Когда и мы, наконец, раскланялись, он поднялся с сиденья и медленно заструился к окну. Дверь за нами ещё не затворилась, а уже для старого эремита не стало никого и ничего.
– Ну и как всё это понимать? – высказался мой продвинутый нерд. – Благословение, типа, или проклятие?
Я очень выразительно пожала плечами под его рукой.
– Как тебе угодно.
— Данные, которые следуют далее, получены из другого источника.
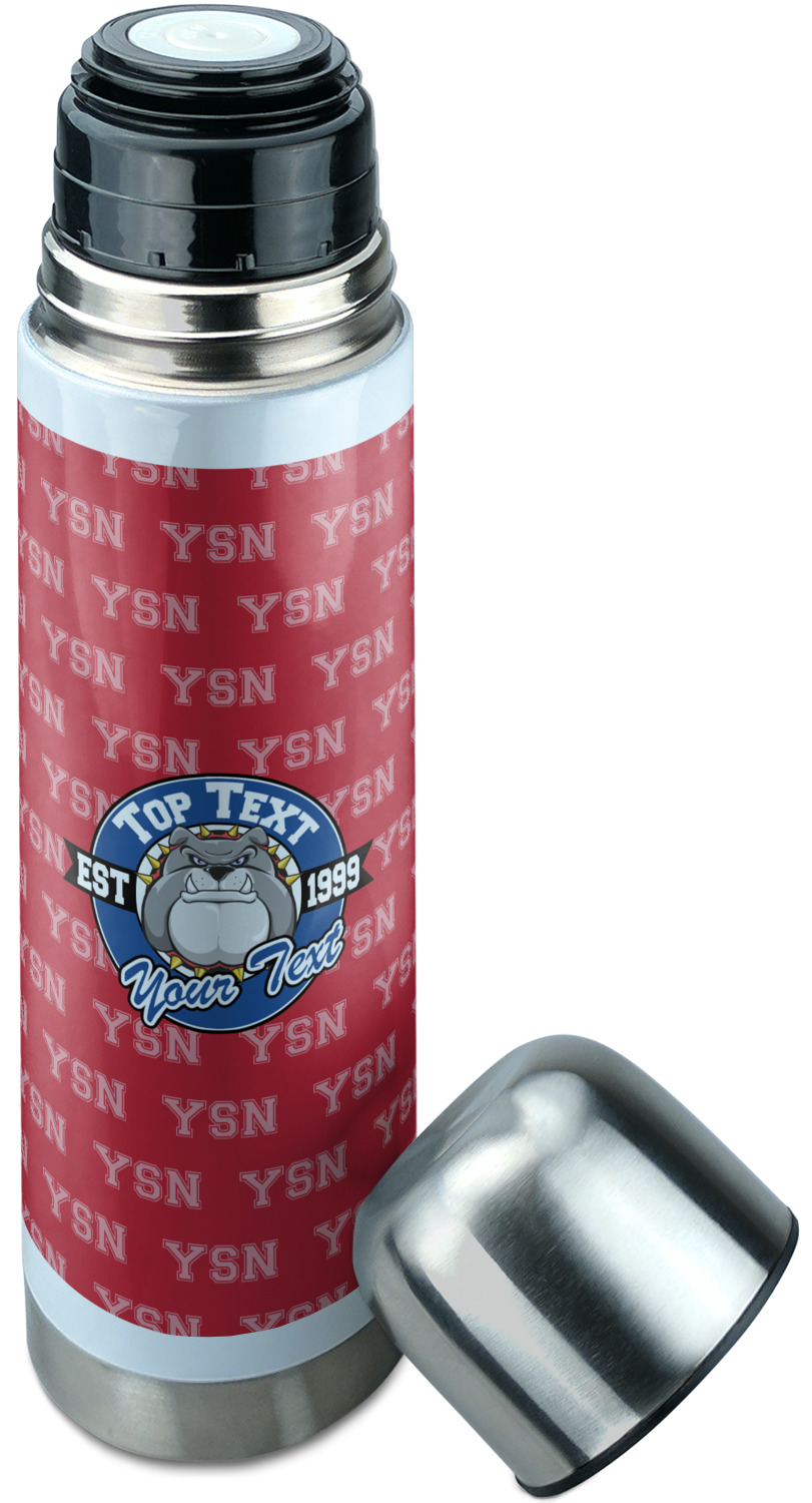 Manufactured from stainless steel, this thermos is built durably and double-walled insulated to preserve the temperature of your drink for hours. It also features a screw off lid that is made to also function as a small cup. Upon unscrewing this part of the thermos bottle, a pop-open, pour feature emerges. This feature allows you to slowly pour your beverage into your lid, ensuring a steady, controlled pour into your lid or other cup. With a capacity of 25 ounces, these large thermoses can hold several servings of your favorite beverage. Your customization is displayed all around the bottle with bright, vibrant color.
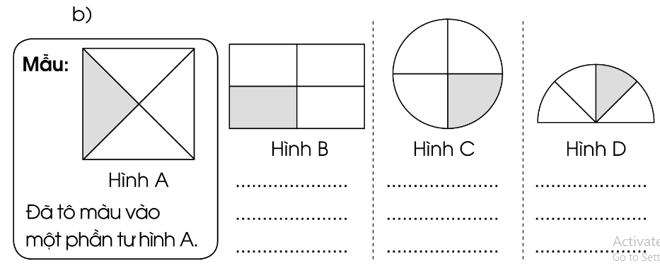 Đếm số phần bằng nhau ở mỗi hình và số phần được tô màu rồi thực hiện viết theo mẫu.
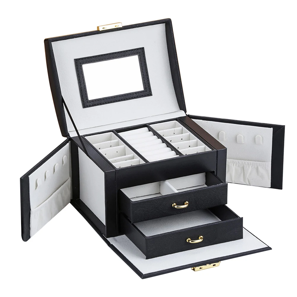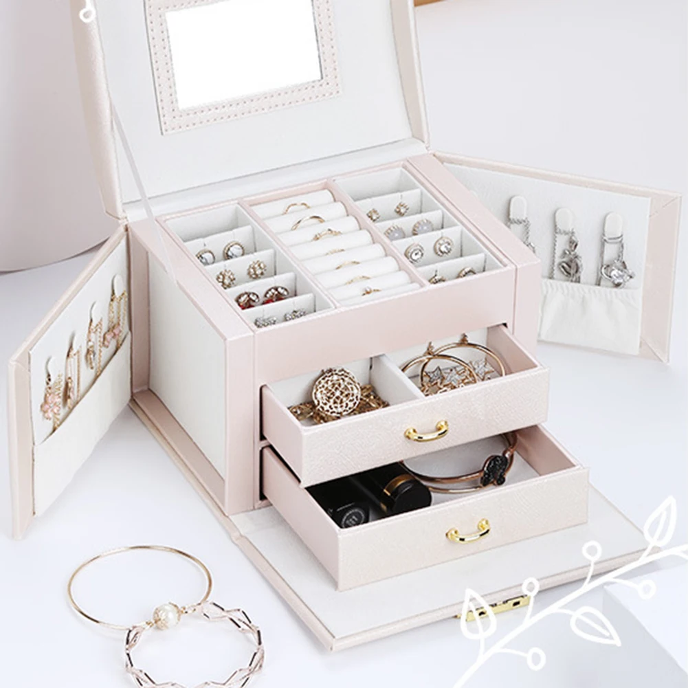 Простой Трехъярусный ящик для ювелирных изделий, коробка для хранения, держатель, портативная шелковая нить, украшения, серьги, кольцо, упаковочный чехол с зеркальным органайзером
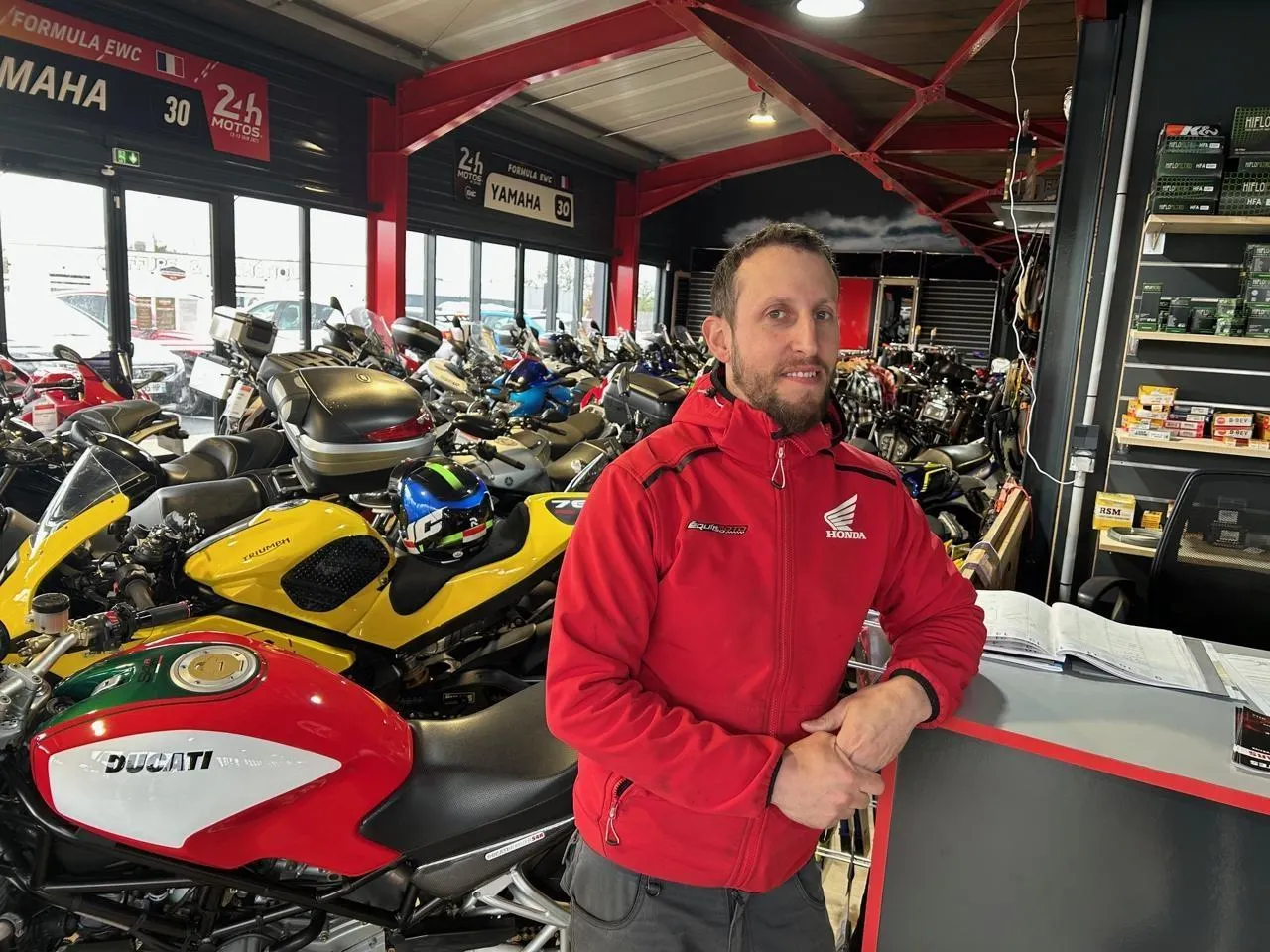 Dans le milieu des motards à Parthenay, Thomas Guilbot est une référence. Après avoir dirigé des années un garage plutôt modeste, il a décidé de s’agrandir dans la zone de La Bressandière, à la sortie de la ville, en direction de Bressuire. Un pari commercial pour cet ancien vainqueur des 24 Heures du Mans moto.

Как угодно мне.
– Ты-то как прочитываешь это средневековую слезодавилку?
– Это разгар Нового Времени, – поправила я.
– Что: террор? Гильотина?
– Пароль – гильотина, отзыв – Гитлер. Очень любил этот механизм.
– Ну, отчасти ты права. Уточним формулировку. Родимые пятна Средневековья на фоне всестороннего прогресса.
– Родимые пятна капитализма на лице светлого социалистического будущего. Та же логика. Ты с какого года в Стекольне обретаешься?
Вместо ответа они сдавил мои плечики так, что они едва не стукнулись друг о дружку:
– Женщина, никогда не спорь с мужчиной – это мешает природному изяществу манер. Мужчина, никогда не спорь с женщиной – это неразумно и вообще не имеет смысла. Взрослых диргов нам демонстративно не попадалось: думайте сами, решайте сами, так сказать. Детишки, выпущенные из подвала древностей, восторженно уцепились за мои штанцы, едва не опрокинув на пол. Станислав ласково отодрал их поодиночке: почему-то к нему никто из них не прилип.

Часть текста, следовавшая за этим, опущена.